女は「毎度あり」とルージュを乗せた唇に笑みを刻んだ。
「でかい鎧を運んだ奴を見てないか?そいつを探してる」
「……あぁ、昨日の昼間の事だね」
「知ってるんだな。よかった」
知らないとなるとまた別の女を口説かなきゃいけないトコだった、とコウは笑う。
反応を見つめていた女に、彼女はサングラス越しの視線を向ける。
「んじゃ、俺の情報から先に…」
その言葉は最後まで紡がれる事はなかった。
唇に添えられた鮮やかなマニキュアを乗せた細く白い指がそれを制したからである。
「あんたは信用できそうだから、特別に先に教えてあげるよ」
「…へぇ…。やっぱ、いい女だわ」
「そこに見える通りがあるだろう?その先にあるデビルズネストって所に運ばれたよ」
唇に乗せていた指をそのままついっと右に動かし、彼女は通りを指す。
コウはそちらに視線を向けた後、再び彼女に視線を戻す。
「感謝するよ」
「どういたしまして。

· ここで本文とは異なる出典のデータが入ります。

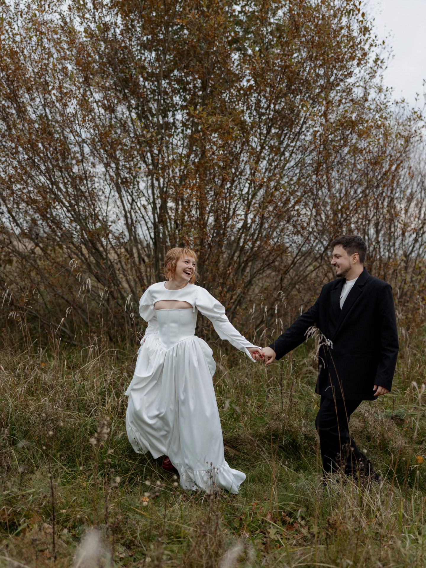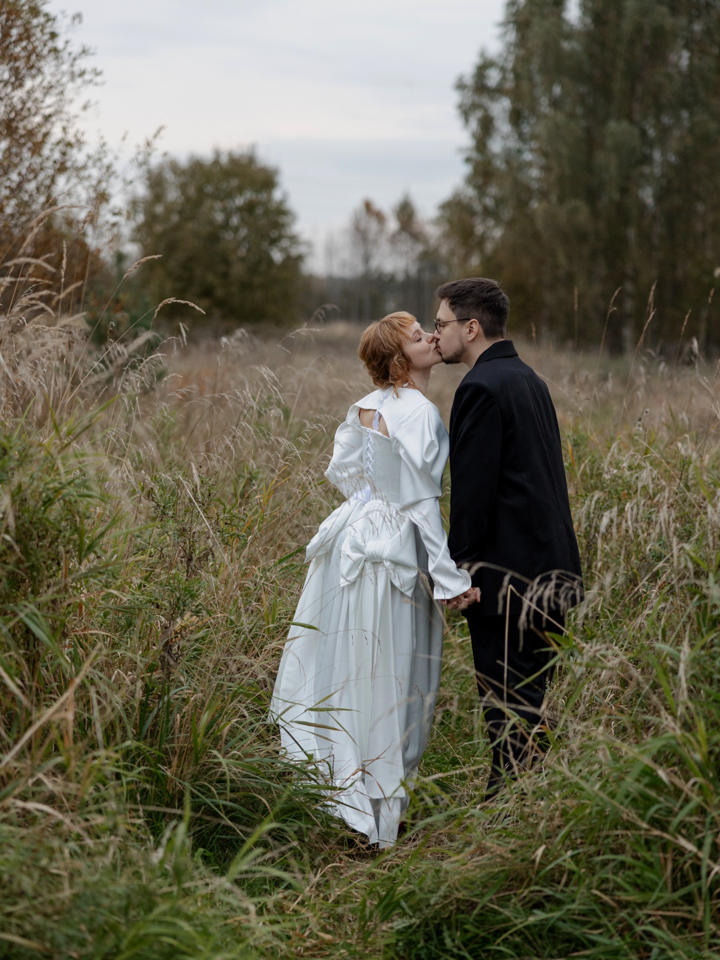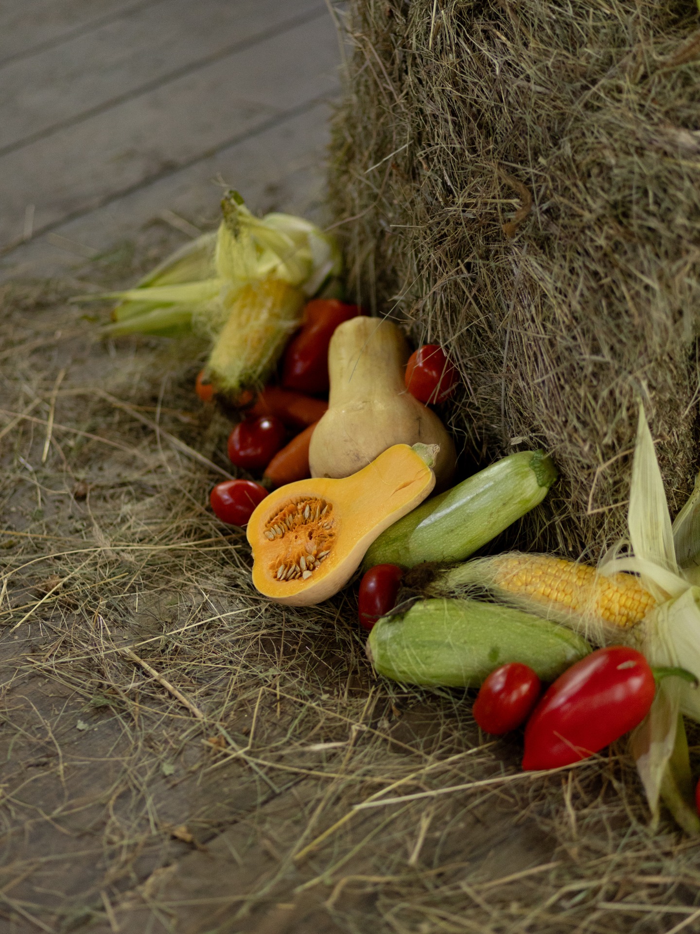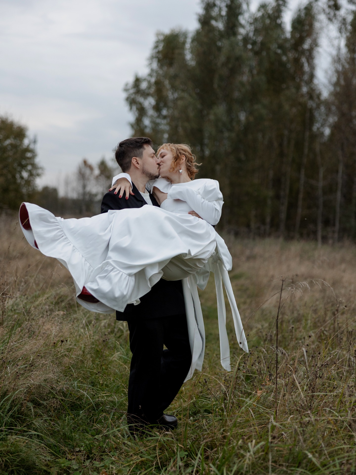Концепция сбора урожая сложилась сама собой: осень, амбар, деревенский шарм. Но для нас было важно, чтобы в ней была мысль именно про нас. Так родилась метафора: это день сбора урожая нашей любви — всего, что мы взращивали вместе, делая и выбирая друг друга изо дня в день.
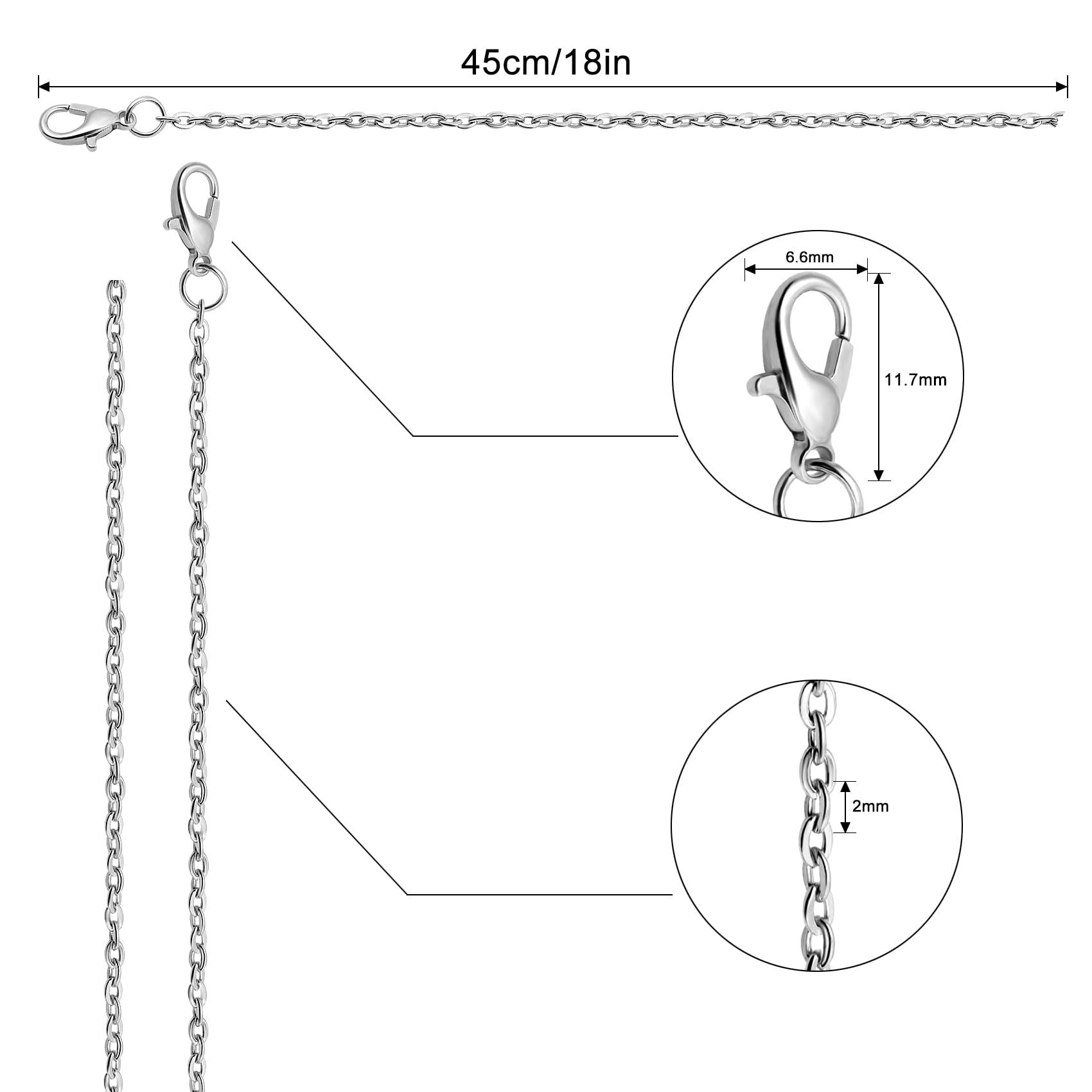 - Package Included:24 pack 18inches 2mm necklace chains with lobster clasps,easy to put on and take off, convenient to wear,great for charm necklace jewelry making.
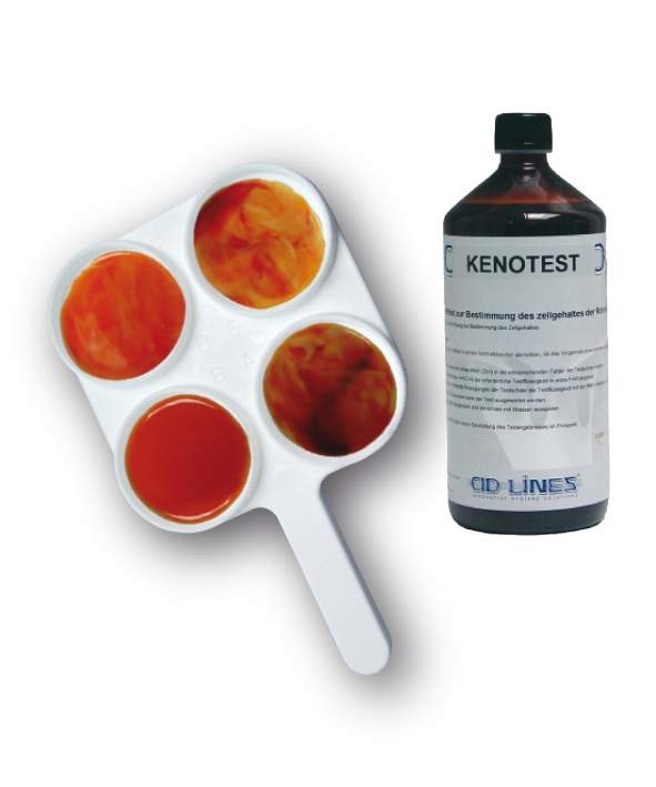 « Kenotest » permet de détecter la présence de cellules somatiques dans le lait. A utiliser avec le plateau de détection. Kenotest est un outil indispensable pour le contrôle et la gestion des mammites au sein de l'élevage.
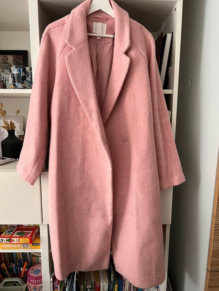 Long manteau rose Chaud Taille L H&M Porte une fois Taille loose
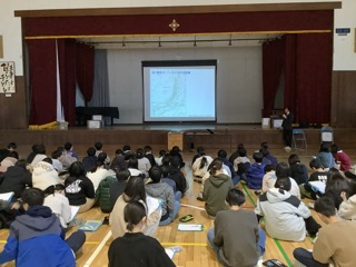 総合で防災について学習しています。今日は、新潟大学の高清水准教授をお招きして、津波について学習しました。津波は、「地震によって起こること」「日本は地震がたくさん起こるので、津波の被害も多いこと」「津 …
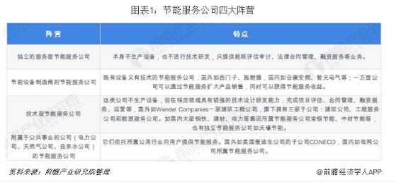 當(dāng)前中國節(jié)能服務(wù)行業(yè)發(fā)展還存在較大的缺陷,首先是規(guī)模小、發(fā)展水平低、市場競爭激烈。其次發(fā)展區(qū)域不均衡,東部地區(qū)遙遙領(lǐng)先;最后是市場競爭出現(xiàn)同質(zhì)化。 未來節(jié)能服務(wù)企業(yè)應(yīng)該在產(chǎn)業(yè)供應(yīng)鏈方向上整合資源,優(yōu)勢互補(bǔ),對具有產(chǎn)業(yè)優(yōu)勢的企業(yè),實現(xiàn)兼并聯(lián)合,實現(xiàn)其產(chǎn)業(yè)優(yōu)勢的快速擴(kuò)張,從而提升企業(yè)應(yīng)對市場的能力。 節(jié)能服務(wù)公司四大陣營,節(jié)能設(shè)備制造商的節(jié)能服務(wù)公司有較大優(yōu)勢 行業(yè)現(xiàn)狀來看,目前中國節(jié)能服務(wù)企業(yè)存在規(guī)模小、發(fā)展水平低,市場競爭激烈、整體的生存狀況較為惡劣的局面。未來在“互聯(lián)網(wǎng)++”戰(zhàn)略全面推薦的時代背景下,城市建設(shè)、園區(qū)建設(shè)將會更加注重以移動互聯(lián)網(wǎng)、物聯(lián)網(wǎng)、云計算、大數(shù)據(jù)等為代表的信息技術(shù)與城市及園區(qū)發(fā)展融合應(yīng)用。在產(chǎn)城融合的發(fā)展趨勢下,節(jié)能服務(wù)公司應(yīng)該有所探索和嘗試,為向智慧化發(fā)展提供思路。分析認(rèn)為,節(jié)能服務(wù)公司大體可以分為四大陣營,如下表所示:
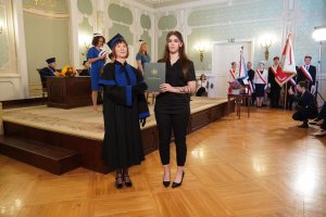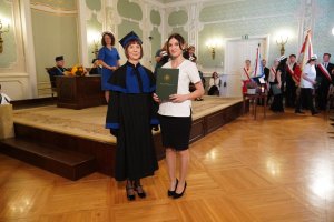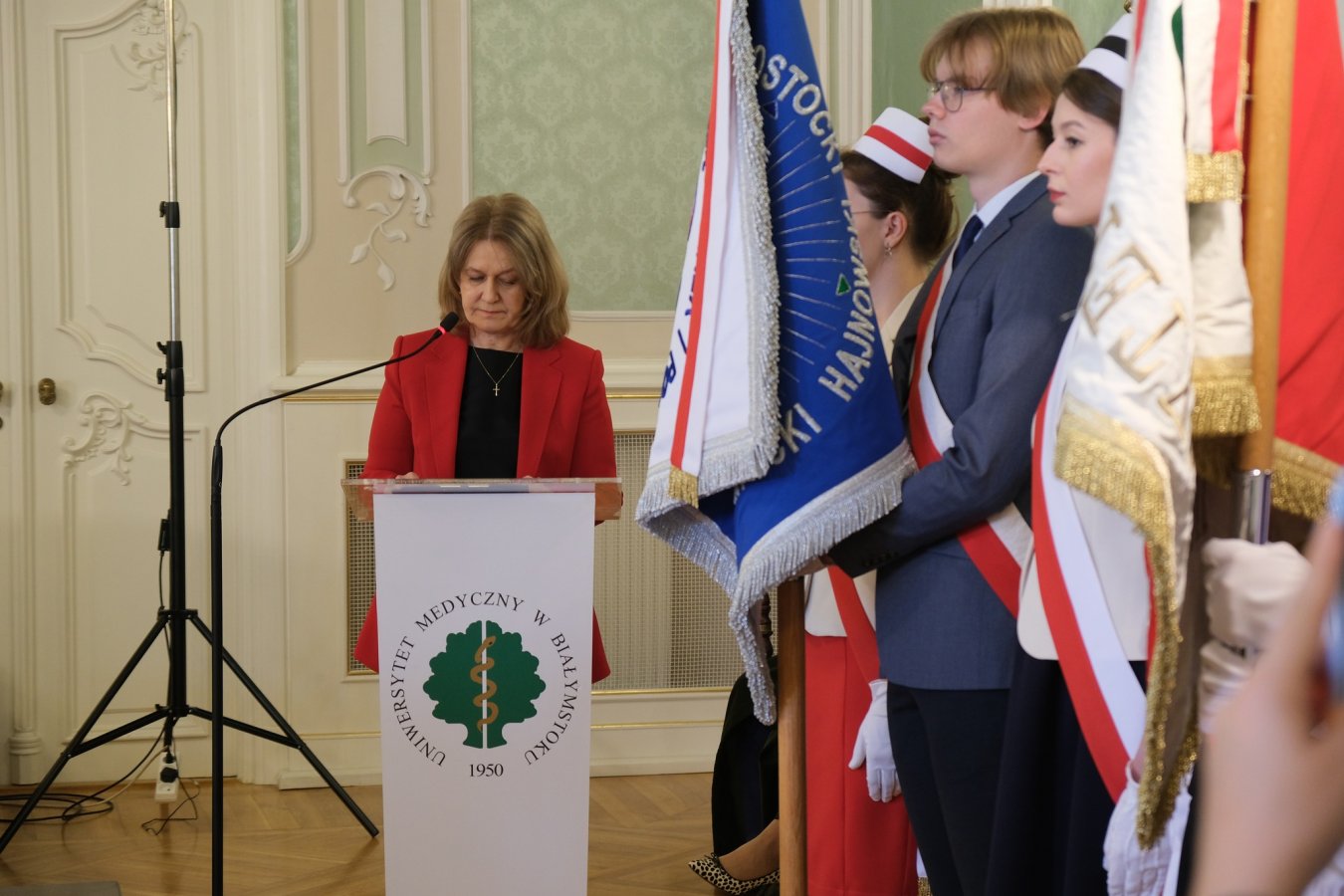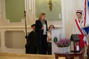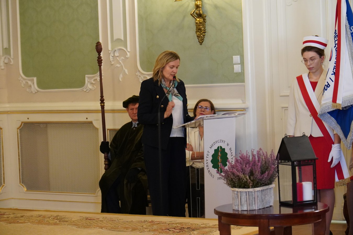 Słowa rektora UMB, skierowane do absolwentów odczytała prof. Katarzyna Socha, Prorektor ds. Rozwoju i Współpracy z Otoczeniem: Pamiętajcie, że UMB, to zawsze będzie Wasz drugi dom. Życzę Wam nieustającej chęci do rozwoju osobistego, wytrwałości i realizacji wyznaczonych celów.

仕事が済んだらあたしの店にも寄ってよね」
「…あぁ、暇があれば」
そう答えてコウは壁についていた手を下ろす。
そして、少しだけ言葉を選ぶように沈黙した。
「………俺からの情報だ。直に軍がこの路地を占拠する」
「…あんた、軍人かい?」
「似たようなもんさ。悪い事は言わねぇ。今すぐ退散しておきな」
そう言い終えるなり、コウは例の通りへと足を向ける。
そんな彼女の背中に女からの声が掛かった。
「貴重な情報ありがとうよ、赤髪の大佐」
小さく紡がれた声にコウは肩を竦めた。
「知ってたのかよ…まったく。ほんっと、いい女だわ」
軍の狗と知って尚、情報を与えてくれた彼女に最大級の感謝を篭めて手を上げる。